Advanced Retrieval: Explore more sophisticated retrieval techniques (e.g., HyDE, MultiQueryRetriever, Re-ranking) to improve the quality of context chunks passed to the LLM, potentially reducing generation errors.
Batch Processing for Analysis: Re-implement batch processing for Phase 1 using techniques like map_reduce to handle large numbers of reviews that exceed the LLM's context window.
Error Handling & UI: Add more granular error handling and user feedback in the Gradio UI (e.g., clearer messages if context loading fails).
Automated Testing: Implement unit and integration tests using pytest for the core logic in src/pipeline.py.

⚙️ Setup and Installation

1. Clone the Repository

git clone [https://github.com/Deathshot78/ReviewSense.git](https://github.com/Deathshot78/ReviewSense.git) # Replace with your repo URL if different
cd ReviewSense

2. Install Required Packages

pip install -r requirements.txt

3. Download LLM Model

The scripts will attempt to download the Mistral-7B GGUF model (mistral-7b-instruct-v0.1.Q4_K_M.gguf, ~4.4GB) automatically via wget on the first run if it's not found in the root directory. You can also download it manually from Hugging Face and place it in the project root.

▶️ Usage

Web App (Gradio)

Run the Gradio app:

python app.py

Access the interface in your browser

Tab 1 ("Batch Analyzer"): Paste reviews or upload a file to perform Summary, Aspect Extraction, and Sentiment Analysis. This does not affect the chatbot context.
Tab 2 ("Ask a Question"): Chat with the RAG bot. Use the file upload and "Update Chatbot Context" button within this tab to change the reviews the chatbot uses. Use "Reset Chatbot Context to Default" to revert to the built-in laptop reviews. Use "Reset Chat Memory" to clear the conversation history.

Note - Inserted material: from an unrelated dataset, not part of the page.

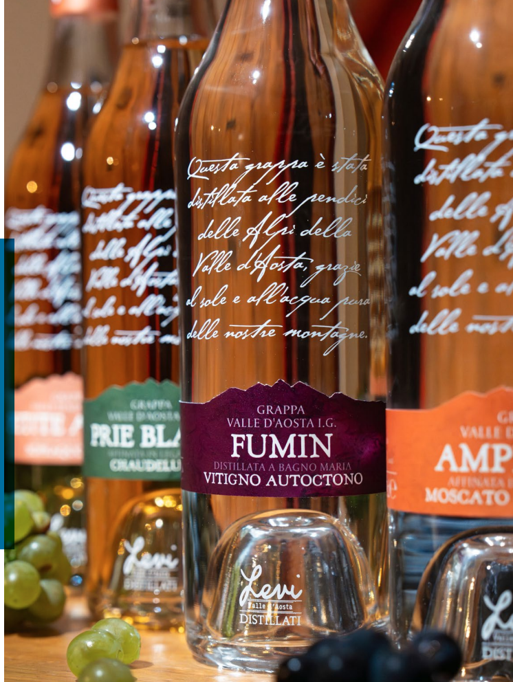 Il legame con l’alta quota è dichiarato anche nel design delle etichette: serigrafia sul vetro con la missione “raccontare la montagna con autenticità, rispetto e passione”, e il disegno del profilo di Mont Emilius e Becca di Nona. Il formato delle bottiglie è 50 cl, per dare coerenza all’intera collezione che parte dalla Grappa Solare e Guglielmo Levi. «Con queste quattro grappe volevamo dare voce alla Valle d’Aosta: ai suoi vitigni, alle sue altitudini e a quel modo unico che la montagna ha di lasciare un segno nel gusto. Inserendole nel fil rouge del nostro racconto enologico», afferma Nicola Rosset.

📁 Project Structure (v2.0)

ReviewSense/
├── 📄 README.md               # Project documentation 
├── 📁 src/                    # Source code for core 
│   ├── 📄 app.py              # Gradio web application
│   ├── 📄 pipeline.py         # Core functions for analysis, RAG, etc. 
│   └── 📄 main.py             # Command-line execution
├── 📄 requirements.txt        # Python dependencies
├── 📄 .gitignore              # Files ignored by Git
└── 🖼️ assets/                 # images

🛠️ Technologies and Models (v2.0)

Core Technologies

Python 3.10+
LangChain: Orchestration, Chains (ConversationalRetrievalChain), Memory, Prompts
llama-cpp-python: Local execution of GGUF models on CPU
FAISS (faiss-cpu): Efficient vector similarity search
Sentence-Transformers (all-MiniLM-L6-v2): Text embeddings
Gradio: Interactive web UI
PyTorch (dependency via transformers/sentence-transformers)
Pandas, NumPy (standard data handling)

Core LLM

Mistral 7B Instruct v0.1 (GGUF Q4_K_M): Used for all NLP tasks (Analysis, RAG Generation, Intent Classification). Downloaded from TheBloke on Hugging Face.

📜 Version History

v2.0 (Current): RAG Chatbot, Single Mistral 7B model, Dynamic Context, Memory, Guardrails, Gradio UI, Code Refactoring.
v1.0: [https://github.com/DanielKiani/ReviewSense/releases/tag/v1.0] - Initial Batch Analysis Engine using multiple specialized models (DistilBERT, DistilBART, etc.). Focused on Sentiment, Aspects, and Summarization. (See v1.0 README for full details).